Они прошли два переулка и очутились во дворе одноэтажного домика. Через узкие сени пробрались в чистую, светлую комнату.

— Катя! — обратился Мазурин к невысокой белокурой девушке, встретившей их. — Это — Тоня, друг Карцева. Она ушла, сбежала от своего изверга хозяина. Можно ей пока пожить здесь?

— Ну конечно! — Катя обняла Тоню. — Вам надо переодеться. Сухой нитки на вас нет!

И отвела ее за занавеску.

Мазурин сел за стол и стал писать бесцветной, как вода, жидкостью между строчек письма, в котором говорилось о семейных делах, передавались поклоны родным. Еще до поступления на военную службу он был участником рабочих социал-демократических кружков на Прохоровке. На Пресне он и вырос. В девятьсот пятом году подростком дрался там на баррикадах. Получив партийные явки и убедившись, как вяло и ненадежно шла в полку подпольная революционная работа, он медленно и терпеливо налаживал ее, поддерживал тесную связь с большевистской организацией в городе и за два года военной службы сделал многое. Его последним успехом было привлечение к партийной работе писаря Пронина и поручика Казакова. Мазурин ожидал литературу из Москвы, а пока что сам писал листовку, которую назвал «Царь и народ». В ней он вкратце излагал историю борьбы рабочего класса России за свое освобождение, подчеркивал значение 9-го января и Ленского расстрела, окончательно убедивших народ, что от царя, кроме пуль и тюрьмы, ждать нечего.

С Катей он познакомился, уже будучи солдатом. Она работала на фабрике. Ее старшего брата изувечили полицейские, отец, арестованный во время стачек тысяча девятьсот пятого года, погиб на каторге вблизи Минусинска, ее мать Васена укрывала политических, прятала подпольную литературу…

Мазурин был уверен, что Тоня почувствует себя в этой семье как дома.

Закончив писать, он передал конверт Кате:

— Сама опусти!

Катя молча кивнула. Она знала, что это очередное мазуринское письмо заключало в себе больше чем весточку родным…
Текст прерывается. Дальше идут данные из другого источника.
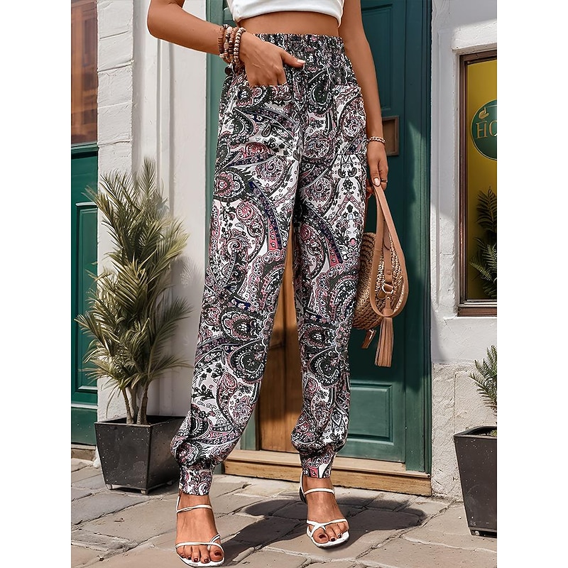 sizzling ! Women's Joggers Pants Trousers Casual Daily Long Paisley Pocket Split Print Breathability plush Inelastic Vacation Weekend Green Spring & Summer Regular Fit

…Несколько дней спустя Тоня устроилась на фабрике. Когда, в отсутствие Максимова, она пришла на его квартиру за своими вещами, денщик Онуфрий грустно сказал ей:

— Счастливая ты, Тоня, улетела! А мне еще год страдать…

ЧАСТЬ ЧЕТВЕРТАЯ

1

Капитан Вернер проснулся. Он лежал голым на огромной медвежьей шкуре, покрытой простыней, и внимательно рассматривал свое большое мускулистое тело, поросшее рыжеватыми волосами. Сладко потянувшись, он позвал:

— Иванков!

Вбежал денщик — белокурый, но с узкими, монгольскими глазами и с короткими, не по росту, руками. По всей его напряженной фигуре, по застывшему лицу и прилипшим к бедрам рукам было видно, что он до ужаса боится Вернера.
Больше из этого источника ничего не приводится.